Fassbinder gilt als schwer, deutsch, ein
Berserker und Workaholic. Doch Warnung
vor einer heiligen Nutte ist überraschend leicht anzuschauen, weil er
nichts voraussetzt, sondern es auf die Beziehungen zwischen körperlich
anwesenden Menschen ankommt. Fast ausschließlich in einer Villa gedreht,
atemraubend von einem experimentierfreudigen Michael Ballhaus. Die Geschichte
ist egal, die Zukunft unsicher, aber um die Gegenwart wird gekämpft. Es beginnt
ja alles erst einmal als Theater, Anti-Theater, in dem alle mitreden sollen und
dann wird gefilmt, wie sich im herrschaftsfreien Abhängen auf der Theaterbühne
plötzlich die Macht einschleicht. Und auf Widerstände stößt. Wie aus Liebe Demütigung
wird.
Warnung
vor einer heiligen Nutte ist Teil eines Genres,
das für das europäische Kunstkino der 60er und 70er Jahre typisch war: der
selbstreflexive Film, der erzählt wie ein Film entsteht. Le Mepris von Jean Luc Godard und La nuit americaine von Francois Truffaut sind Beispiele. Godard
zeigt wie das Geld die Bilder zersetzt, ein melancholischer, bitterer Abgesang
in tragischer Schönheit. Truffaut feiert dagegen das Kino als Utopie – im
Prozess des Drehens kommt zusammen, was im Alltag, aber auch im fertigen
Produkt dann wieder zerfällt. Eine Komödie der verpassten Gelegenheiten. Godard
hat ihn in seiner materialistischen Phase für diesen Idealismus verachtet, auch
wenn seine Klage kaum weniger idealistisch war. Und Fassbinder? Er zeigt den
Moment, in dem die Utopie der Gruppe zerfällt und die Individuen mit ihren
Neurosen wieder auftauchen. Der Film endet mit der Einblendung eines Zitats von
Thomas Mann aus Tonio Kröger: „Ich
sage Ihnen, dass ich es oft sterbensmüde bin, das Menschliche darzustellen,
ohne am Menschlichen teilzuhaben.“
Fassbinder verbindet die Komödie der Hysterie
(der Krankheit aller Schauspielerinnen), nahe am Klischee, mit der Tragödie des
Zerfalls (des Makels aller Machtmänner). Da wir nur den Zusammenstoß sehen und
die Vorgeschichte nicht kennen, kommen Gewalt und hysterische Verzweiflung
immer als Momente des Schocks. Es bereitet uns nichts auf die Ohrfeigen vor,
die der Regisseur der Schauspielerin versetzt. Erst nach und nach verstehen
wir, wer hier wen mit wem betrügt. Eine Entwicklung gibt es nicht: Fassbinder
ist näher an lebenden Bildern als an der Erzählung. Zusammengehalten wird das
alles – die Besäufnisse mit Cuba Libre, die Gewaltausbrüche, die Bettszenen,
der dauernde Aufschub der Dreharbeiten, die Langeweile des Wartens – durch die
Kamera, die durch die Villa streift und das Filmteam immer wieder in Posen
fixiert. Denn beweglich ist hier nur die Kamera, die Menschen erstarren, in dem
was sie tun – so wie zu Beginn des Films ein sich küssendes Paar, das immer
wieder im Hintergrund in derselben Haltung aufgespürt wird. Die Kamera versucht
am Menschlichen teilzuhaben, aber sie zeichnet nur auf, was davon übrig bleibt.
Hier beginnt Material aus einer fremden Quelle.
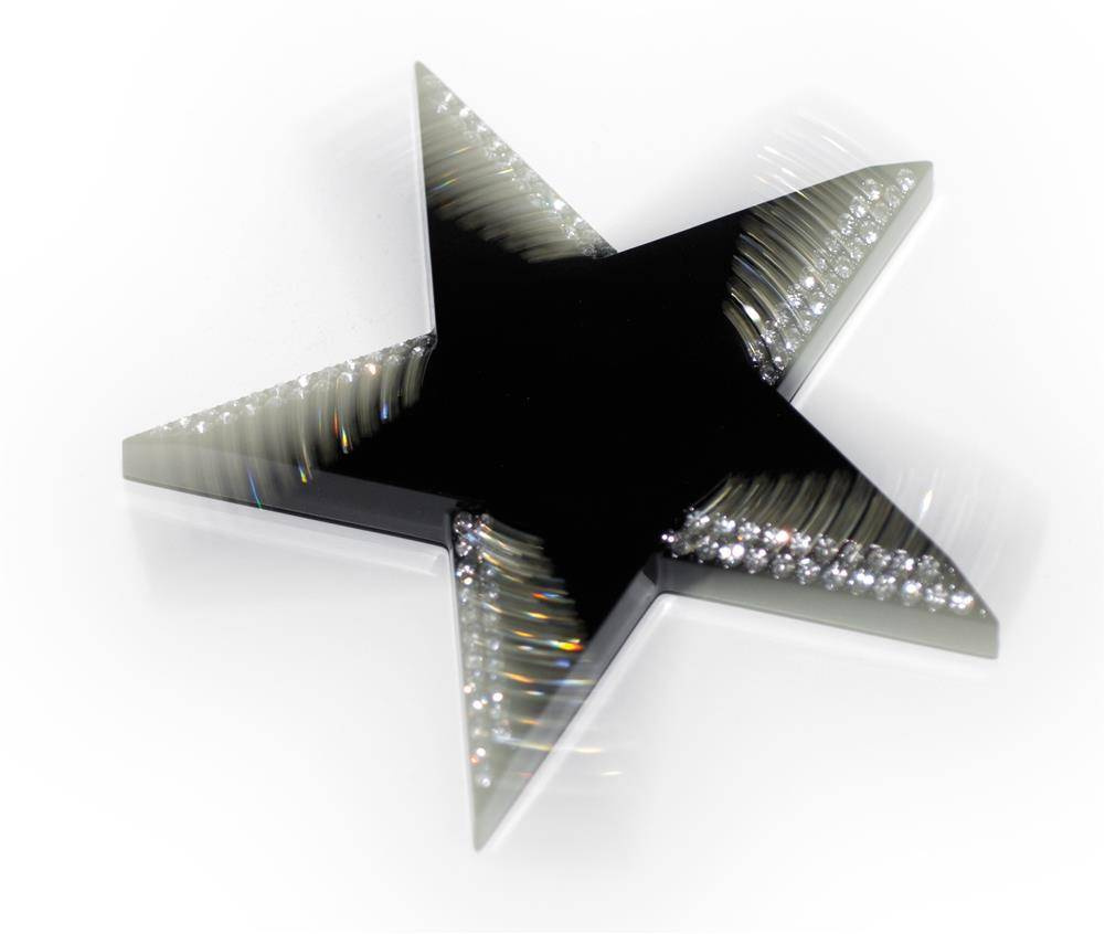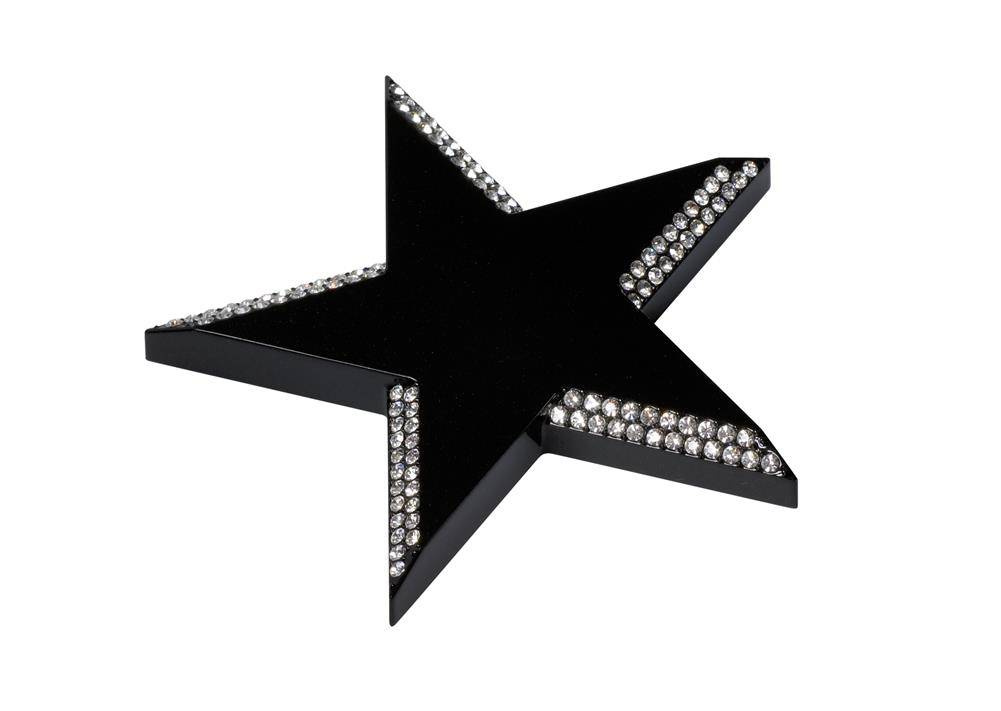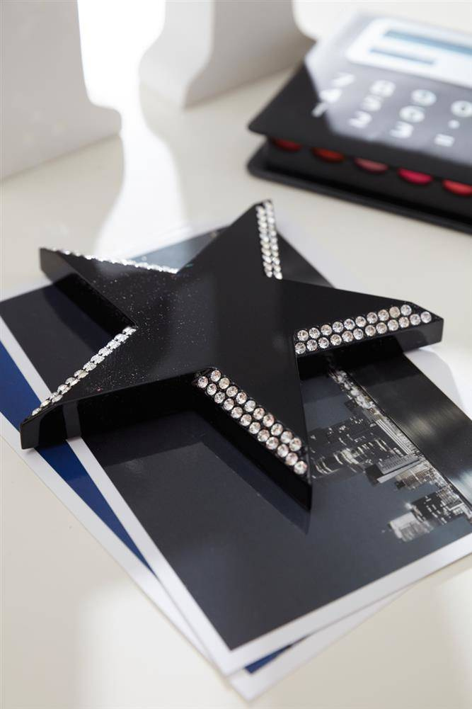 Przycisk do papieru TRONDHEIM, obrotowy, wykonany z ciężkiego czarnego metalu, w kształcie gwiazdy ozdobionej błyszczącymi kryształkami.
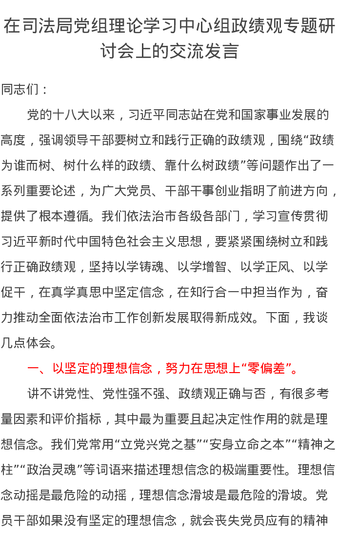 在司法局党组理论学习中心组政绩观专题研讨会上的交流发言
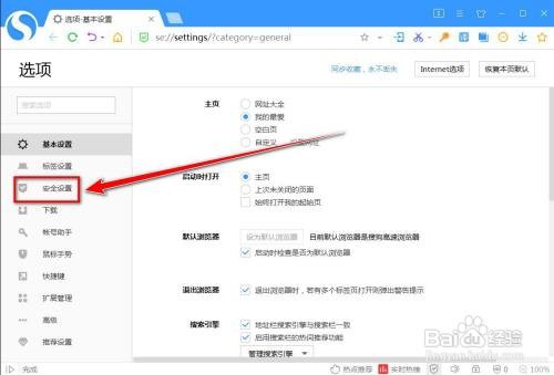 在设置页面中,点击左侧的【安全设置】,如图所示
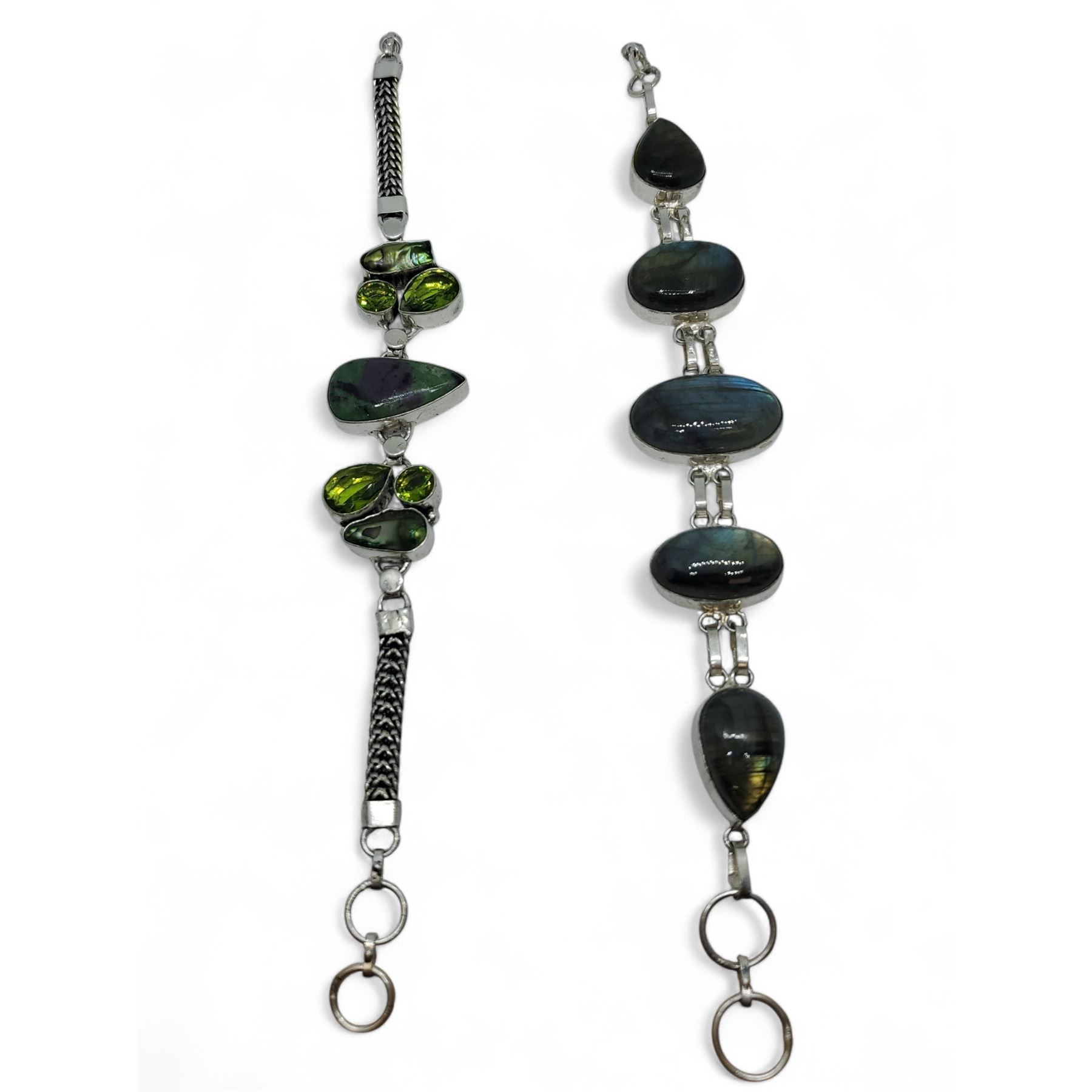 1 New Labradorite and 1 Ruby Zoisite & Emerald Crystal Bracelet in Silver Settings * Both stamped .925 (widest bracelet is 28 mm) * Total weight: 61.5 grams

Diese negative Haltung war natürlich ein
Reflex auf die Utopien der 60er, denen Fassbinder aber nicht einfach
abgeschworen hat. Seine Utopie ist die des Scheitern: Er drehte einen Film nach
den andern, nicht weil er ein Workaholic war, sondern um immer wieder zu scheitern.
Im Unabgeschlossenen, auch das typisch für die 70er, zeigte sich die Hoffnung.
Der Versuch der voneinander enttäuschten Liebenden sich gegenseitig zu
vernichten ist die Form, in der er die Liebe zeigt. Düsterer Pop, ein Album von
Scott Walker, das sind diese Fassbinder-Filme der 70er jetzt.